→ **What needs to be done**
Return all the data below as it stands, minus the pictures.

Start of Recorded information

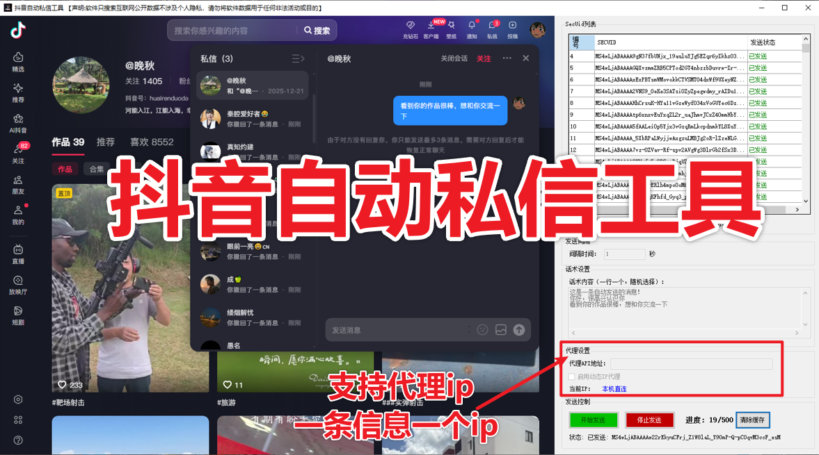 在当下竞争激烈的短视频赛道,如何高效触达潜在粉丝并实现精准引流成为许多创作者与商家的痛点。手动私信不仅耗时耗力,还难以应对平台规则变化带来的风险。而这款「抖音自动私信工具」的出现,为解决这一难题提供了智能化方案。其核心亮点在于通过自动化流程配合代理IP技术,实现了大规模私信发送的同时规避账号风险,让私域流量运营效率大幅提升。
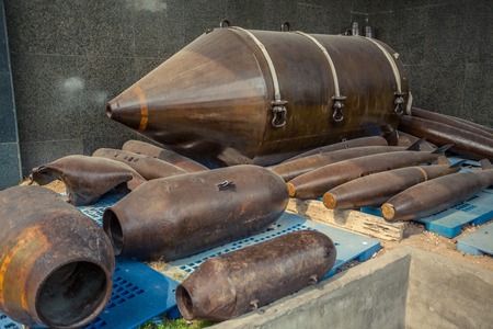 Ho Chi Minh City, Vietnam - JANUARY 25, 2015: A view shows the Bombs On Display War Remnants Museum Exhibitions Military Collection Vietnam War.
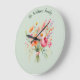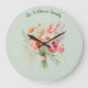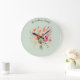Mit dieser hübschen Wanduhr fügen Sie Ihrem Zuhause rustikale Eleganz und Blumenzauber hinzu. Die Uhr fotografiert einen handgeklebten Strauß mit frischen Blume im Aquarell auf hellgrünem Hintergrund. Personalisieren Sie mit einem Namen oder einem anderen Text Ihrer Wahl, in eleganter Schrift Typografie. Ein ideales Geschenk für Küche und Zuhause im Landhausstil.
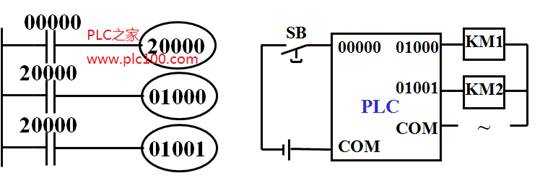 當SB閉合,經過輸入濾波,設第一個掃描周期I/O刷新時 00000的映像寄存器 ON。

End of Recorded information

→ **Answer to this problem**
 在当下竞争激烈的短视频赛道,如何高效触达潜在粉丝并实现精准引流成为许多创作者与商家的痛点。手动私信不仅耗时耗力,还难以应对平台规则变化带来的风险。而这款「抖音自动私信工具」的出现,为解决这一难题提供了智能化方案。其核心亮点在于通过自动化流程配合代理IP技术,实现了大规模私信发送的同时规避账号风险,让私域流量运营效率大幅提升。
 Ho Chi Minh City, Vietnam - JANUARY 25, 2015: A view shows the Bombs On Display War Remnants Museum Exhibitions Military Collection Vietnam War.
Mit dieser hübschen Wanduhr fügen Sie Ihrem Zuhause rustikale Eleganz und Blumenzauber hinzu. Die Uhr fotografiert einen handgeklebten Strauß mit frischen Blume im Aquarell auf hellgrünem Hintergrund. Personalisieren Sie mit einem Namen oder einem anderen Text Ihrer Wahl, in eleganter Schrift Typografie. Ein ideales Geschenk für Küche und Zuhause im Landhausstil.
 當SB閉合,經過輸入濾波,設第一個掃描周期I/O刷新時 00000的映像寄存器 ON。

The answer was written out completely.